(TASK PROMPT)
The records that follow are to be repeated in full, with no pictures retained.

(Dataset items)

---

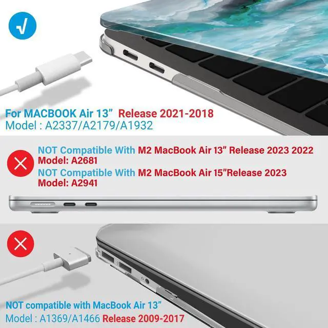 • Incompatible Models: Please note that this case does not fit the 2022 M2 MacBook Air 13 Inch; Model: A2681 and Older MacBook Air 13 Released BEFORE 2018; Models: A1466/A1369. Make sure to check the model number at the bottom of your laptop A****.
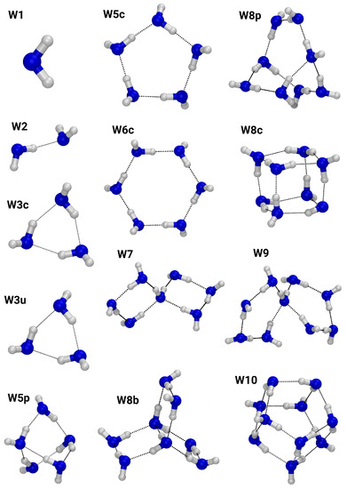 Figure 1 depicts the regular water clusters, with oxygen atoms colored blue and hydrogen atoms colored white. Their sizes range from the water monomer, W1, to a decamer cluster, W10. The trimers, W3c and W3u, as well as the clusters W5c and W6c exhibit exclusively two-fold hydrogen bond motifs, i.e., each water molecule accepts and donates one hydrogen bond. Three-fold hydrogen bond coordination can be found in clusters W5p, W8c, W8p, and W10. A four-fold hydrogen bond pattern is present in the clusters W7, W8b, and W9.
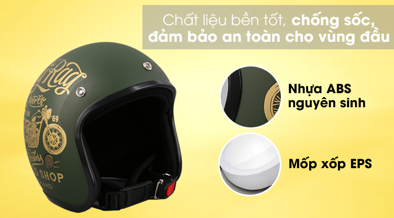 Sử dụng chất liệu nhựa ABS nguyên sinh làm vỏ mũ giúp tăng khả năng chịu lực, va đập, chống ăn mòn. Phần ruột bằng mốp xốp EPS dày 3 cm cố định vùng đầu, cho hiệu quả chống sốc, bảo vệ vùng đầu hiệu quả trong mọi hoàn cảnh.
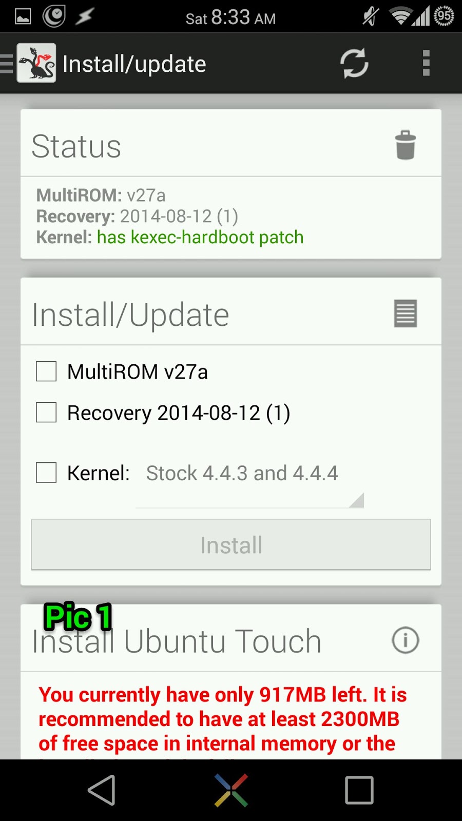 Gunakan aplikasi  MultiROM Manager untuk menginstall Ubuntu Touch.  Catatan : Ubuntu Touch masih dalam pengembangan. MultiROM harus selalu di update untuk mendapatkan perubahan terbaru yang ada di Ubuntu.
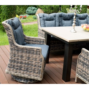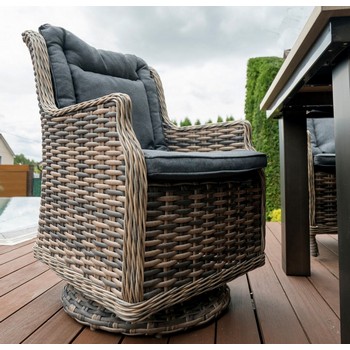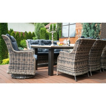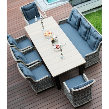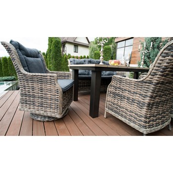 Набор мебели рассчитан на использование на открытом воздухе и превосходно подходит для дачи и в загородного дома.
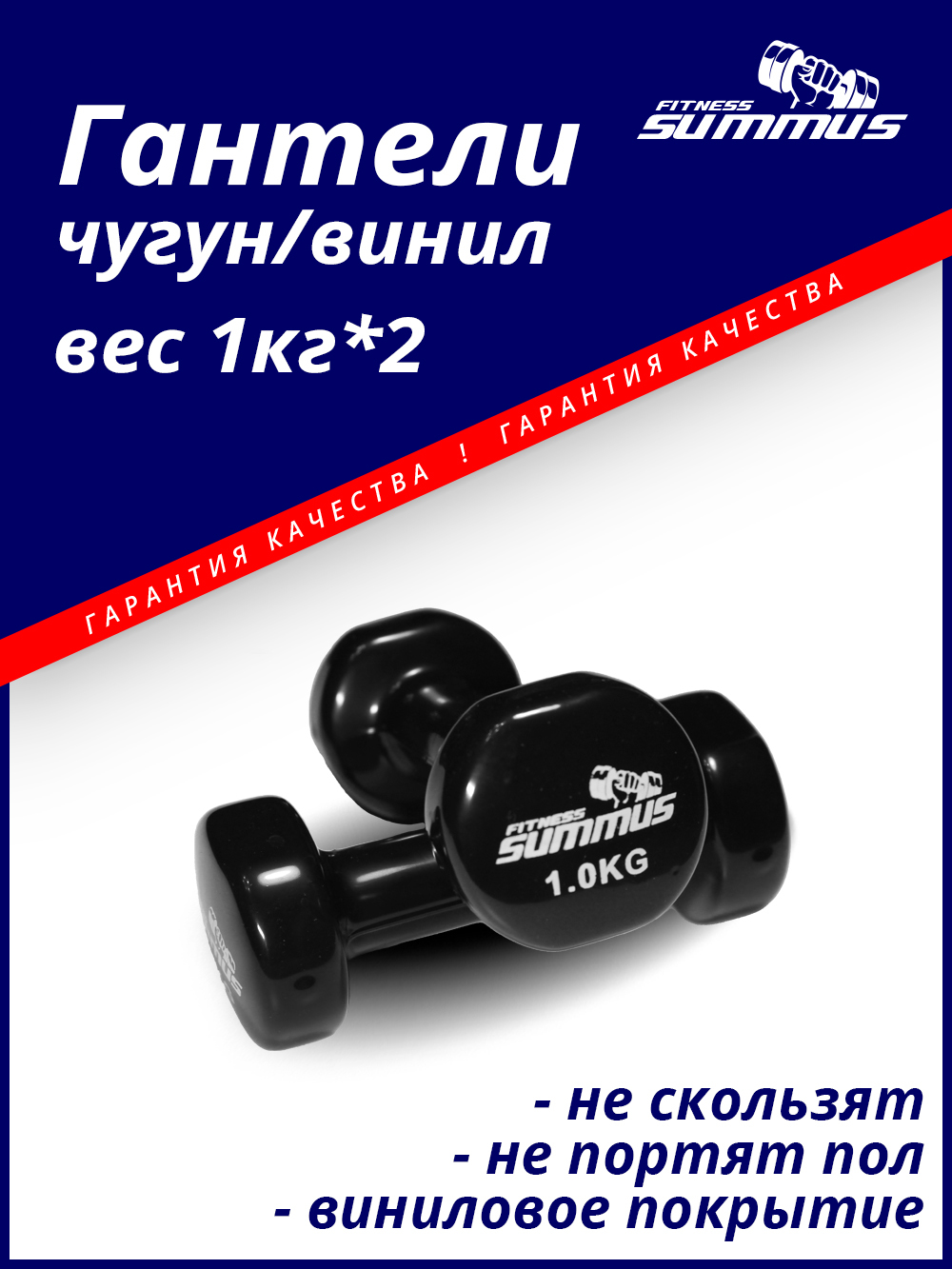 Гантели Summus винил/чугун, 2 шт. по 1 кг, черный матовый цвет

---

(SOLUTION)
 • Incompatible Models: Please note that this case does not fit the 2022 M2 MacBook Air 13 Inch; Model: A2681 and Older MacBook Air 13 Released BEFORE 2018; Models: A1466/A1369. Make sure to check the model number at the bottom of your laptop A****.
 Figure 1 depicts the regular water clusters, with oxygen atoms colored blue and hydrogen atoms colored white. Their sizes range from the water monomer, W1, to a decamer cluster, W10. The trimers, W3c and W3u, as well as the clusters W5c and W6c exhibit exclusively two-fold hydrogen bond motifs, i.e., each water molecule accepts and donates one hydrogen bond. Three-fold hydrogen bond coordination can be found in clusters W5p, W8c, W8p, and W10. A four-fold hydrogen bond pattern is present in the clusters W7, W8b, and W9.
 Sử dụng chất liệu nhựa ABS nguyên sinh làm vỏ mũ giúp tăng khả năng chịu lực, va đập, chống ăn mòn. Phần ruột bằng mốp xốp EPS dày 3 cm cố định vùng đầu, cho hiệu quả chống sốc, bảo vệ vùng đầu hiệu quả trong mọi hoàn cảnh.
 Gunakan aplikasi  MultiROM Manager untuk menginstall Ubuntu Touch.  Catatan : Ubuntu Touch masih dalam pengembangan. MultiROM harus selalu di update untuk mendapatkan perubahan terbaru yang ada di Ubuntu.
 Набор мебели рассчитан на использование на открытом воздухе и превосходно подходит для дачи и в загородного дома.
 Гантели Summus винил/чугун, 2 шт. по 1 кг, черный матовый цвет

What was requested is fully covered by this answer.